2. the transformed data is passed to the `GaussianNB` classifier, which is fit to the transformed data along with the target values `y_train`.

After fitting the `pipe`, it can be used to make predictions on new or unseen data using the `pipe.predict()` method.

In [None]:
pipe.fit(X_train, y_train)

In [None]:
y_pred = pipe.predict(X_train)

* `y_pred = pipe.predict(X_train)` generates predicted target values for the training data `X_train` using the trained `pipe` object.

**ACCURACY**

In [None]:
from sklearn.metrics import accuracy_score

In [None]:
acur = accuracy_score(y_train, y_pred)
acur

0.8391502276176024

* `acur = accuracy_score(y_train, y_pred)` calculates the accuracy score of the predicted target values `y_pred` compared to the actual target values `y_train`.

The value of the accuracy means that the model is classifying correctly almost 84% of the instances which, depending on the context of the problem can be good or bad.

**CONFUSION MATRIX**

In [None]:
from sklearn.metrics import confusion_matrix

In [None]:
cm = confusion_matrix(y_train, y_pred, labels = ['yes', 'no'])
cm

array([[ 2283,  1417],
       [ 3883, 25367]])

The confusion matrix is a table that shows the frequency in which the model classifies correctly or incorrectly the instances of each class.

 - ROWS - actual values (yes or no)

 - COLUMS - predicted values (yes or no)

**RECALL SCORE**

In [None]:
from sklearn.metrics import recall_score

In [None]:
recall_score(y_train, y_pred, pos_label='yes')

0.617027027027027

The `recall_score` is an evaluation metrics that measures the proportion of instances that are well identified by the model.
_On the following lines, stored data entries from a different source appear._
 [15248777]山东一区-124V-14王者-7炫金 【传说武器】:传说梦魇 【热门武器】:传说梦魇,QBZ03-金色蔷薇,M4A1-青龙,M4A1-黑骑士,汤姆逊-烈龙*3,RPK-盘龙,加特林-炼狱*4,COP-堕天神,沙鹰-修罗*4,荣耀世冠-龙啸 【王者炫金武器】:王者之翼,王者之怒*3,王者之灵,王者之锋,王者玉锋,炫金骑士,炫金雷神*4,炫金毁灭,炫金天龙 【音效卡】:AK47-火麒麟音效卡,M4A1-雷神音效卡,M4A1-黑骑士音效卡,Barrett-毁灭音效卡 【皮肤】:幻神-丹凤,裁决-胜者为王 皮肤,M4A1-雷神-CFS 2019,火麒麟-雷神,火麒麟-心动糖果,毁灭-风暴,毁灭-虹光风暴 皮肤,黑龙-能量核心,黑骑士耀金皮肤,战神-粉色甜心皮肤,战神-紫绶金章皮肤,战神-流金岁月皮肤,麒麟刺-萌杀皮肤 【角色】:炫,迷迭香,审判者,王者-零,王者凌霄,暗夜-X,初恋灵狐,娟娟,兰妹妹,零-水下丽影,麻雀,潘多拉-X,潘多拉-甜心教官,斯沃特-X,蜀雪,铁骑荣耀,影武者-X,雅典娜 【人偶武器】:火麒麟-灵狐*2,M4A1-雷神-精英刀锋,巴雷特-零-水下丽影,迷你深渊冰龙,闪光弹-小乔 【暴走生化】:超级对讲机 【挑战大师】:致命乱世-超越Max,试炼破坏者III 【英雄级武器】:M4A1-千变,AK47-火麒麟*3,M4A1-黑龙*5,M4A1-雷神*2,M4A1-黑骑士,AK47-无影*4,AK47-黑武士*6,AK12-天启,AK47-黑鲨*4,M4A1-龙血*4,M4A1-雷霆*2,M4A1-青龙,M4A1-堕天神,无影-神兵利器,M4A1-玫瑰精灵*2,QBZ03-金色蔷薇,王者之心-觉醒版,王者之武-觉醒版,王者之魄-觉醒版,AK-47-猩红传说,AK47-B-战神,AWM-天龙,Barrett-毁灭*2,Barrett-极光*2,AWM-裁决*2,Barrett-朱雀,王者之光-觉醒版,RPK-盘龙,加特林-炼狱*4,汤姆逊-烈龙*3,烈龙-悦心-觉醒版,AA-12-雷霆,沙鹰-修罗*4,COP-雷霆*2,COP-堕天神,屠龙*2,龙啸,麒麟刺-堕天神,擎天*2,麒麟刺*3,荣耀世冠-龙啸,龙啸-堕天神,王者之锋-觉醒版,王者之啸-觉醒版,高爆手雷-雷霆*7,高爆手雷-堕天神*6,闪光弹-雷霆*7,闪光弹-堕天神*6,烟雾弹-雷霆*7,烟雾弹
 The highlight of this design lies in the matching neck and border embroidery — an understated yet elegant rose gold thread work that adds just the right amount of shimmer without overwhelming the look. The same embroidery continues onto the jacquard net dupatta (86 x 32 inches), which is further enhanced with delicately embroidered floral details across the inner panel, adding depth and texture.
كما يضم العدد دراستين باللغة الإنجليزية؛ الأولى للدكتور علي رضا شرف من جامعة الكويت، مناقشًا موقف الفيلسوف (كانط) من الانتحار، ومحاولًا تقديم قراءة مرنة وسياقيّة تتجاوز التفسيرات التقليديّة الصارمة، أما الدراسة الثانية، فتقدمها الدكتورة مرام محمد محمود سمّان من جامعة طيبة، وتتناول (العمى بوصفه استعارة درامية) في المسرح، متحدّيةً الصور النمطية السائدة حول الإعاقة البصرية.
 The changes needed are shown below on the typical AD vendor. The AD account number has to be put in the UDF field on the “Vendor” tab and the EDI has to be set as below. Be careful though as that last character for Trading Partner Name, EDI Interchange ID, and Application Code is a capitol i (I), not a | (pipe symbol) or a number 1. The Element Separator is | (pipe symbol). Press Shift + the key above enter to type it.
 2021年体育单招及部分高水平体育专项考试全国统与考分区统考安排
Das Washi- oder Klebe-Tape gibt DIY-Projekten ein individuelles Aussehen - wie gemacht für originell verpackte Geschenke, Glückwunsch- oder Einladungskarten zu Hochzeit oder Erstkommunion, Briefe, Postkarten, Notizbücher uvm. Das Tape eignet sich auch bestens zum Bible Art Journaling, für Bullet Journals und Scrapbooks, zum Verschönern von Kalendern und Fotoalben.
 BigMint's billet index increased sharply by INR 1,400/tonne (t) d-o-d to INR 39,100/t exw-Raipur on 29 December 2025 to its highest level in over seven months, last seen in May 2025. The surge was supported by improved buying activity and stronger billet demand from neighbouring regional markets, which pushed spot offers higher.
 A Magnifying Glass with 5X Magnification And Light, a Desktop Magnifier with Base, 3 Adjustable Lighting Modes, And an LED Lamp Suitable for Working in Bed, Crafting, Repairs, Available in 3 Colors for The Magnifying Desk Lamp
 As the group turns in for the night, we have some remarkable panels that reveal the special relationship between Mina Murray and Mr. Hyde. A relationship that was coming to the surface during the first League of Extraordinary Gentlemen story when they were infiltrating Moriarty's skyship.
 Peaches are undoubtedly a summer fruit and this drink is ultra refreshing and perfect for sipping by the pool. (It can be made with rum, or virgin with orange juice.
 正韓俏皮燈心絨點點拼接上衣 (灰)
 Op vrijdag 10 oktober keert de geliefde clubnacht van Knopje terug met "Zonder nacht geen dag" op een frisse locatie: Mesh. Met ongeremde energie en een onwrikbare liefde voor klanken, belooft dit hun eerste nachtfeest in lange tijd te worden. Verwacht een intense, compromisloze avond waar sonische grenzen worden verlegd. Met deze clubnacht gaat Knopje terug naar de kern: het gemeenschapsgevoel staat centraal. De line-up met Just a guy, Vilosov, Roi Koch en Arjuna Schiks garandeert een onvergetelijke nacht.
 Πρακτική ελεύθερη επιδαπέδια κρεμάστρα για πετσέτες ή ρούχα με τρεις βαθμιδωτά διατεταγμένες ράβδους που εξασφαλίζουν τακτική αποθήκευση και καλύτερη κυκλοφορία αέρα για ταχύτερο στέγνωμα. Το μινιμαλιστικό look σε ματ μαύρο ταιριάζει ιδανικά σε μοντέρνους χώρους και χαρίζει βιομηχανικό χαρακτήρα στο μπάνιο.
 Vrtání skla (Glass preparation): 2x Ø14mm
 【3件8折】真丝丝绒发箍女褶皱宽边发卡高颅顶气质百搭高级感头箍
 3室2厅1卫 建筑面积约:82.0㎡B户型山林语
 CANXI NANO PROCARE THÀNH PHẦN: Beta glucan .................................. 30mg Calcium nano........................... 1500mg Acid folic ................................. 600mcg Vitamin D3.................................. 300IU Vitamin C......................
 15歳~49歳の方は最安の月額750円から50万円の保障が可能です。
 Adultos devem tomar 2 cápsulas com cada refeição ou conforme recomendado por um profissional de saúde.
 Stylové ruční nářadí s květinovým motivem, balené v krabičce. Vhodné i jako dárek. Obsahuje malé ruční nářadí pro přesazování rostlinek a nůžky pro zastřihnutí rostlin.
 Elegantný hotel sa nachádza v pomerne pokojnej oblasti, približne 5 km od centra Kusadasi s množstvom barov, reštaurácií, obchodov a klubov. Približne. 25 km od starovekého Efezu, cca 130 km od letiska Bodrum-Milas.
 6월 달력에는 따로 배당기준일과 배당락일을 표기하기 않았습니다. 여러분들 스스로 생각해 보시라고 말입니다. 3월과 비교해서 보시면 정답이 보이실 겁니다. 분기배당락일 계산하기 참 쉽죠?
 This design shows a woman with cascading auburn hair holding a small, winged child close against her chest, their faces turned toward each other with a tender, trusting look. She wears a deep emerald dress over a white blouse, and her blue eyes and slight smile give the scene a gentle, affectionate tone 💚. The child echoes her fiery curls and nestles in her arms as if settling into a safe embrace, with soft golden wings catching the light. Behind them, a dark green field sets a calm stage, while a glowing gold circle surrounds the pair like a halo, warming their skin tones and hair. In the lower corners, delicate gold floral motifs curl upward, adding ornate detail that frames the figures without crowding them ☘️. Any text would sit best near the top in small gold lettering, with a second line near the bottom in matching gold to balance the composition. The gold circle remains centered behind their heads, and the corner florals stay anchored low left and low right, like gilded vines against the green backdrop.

In other words, it measures the capacity of the model to find all the examples of positive class, i.e., its sensibility.

`recall_score = 2283/(2283+1417) = 0,617` means that the model identified correctly 61,7% of the instances of class 'yes', which means that the model is not so good finding all the examples of positive class and can be commiting some "falsos negativos".



Since we are trying to predict the "yes", these predictions are not good, because many of the actual values "yes" are predicted as "no".

* 1417 => falsos negativos.

* 25367 => verdadeiros positivos.

* 2283 => verdadeiros negativos.

* 3883 => falsos positivos.


The ideal case would be to get a recall_score of 1.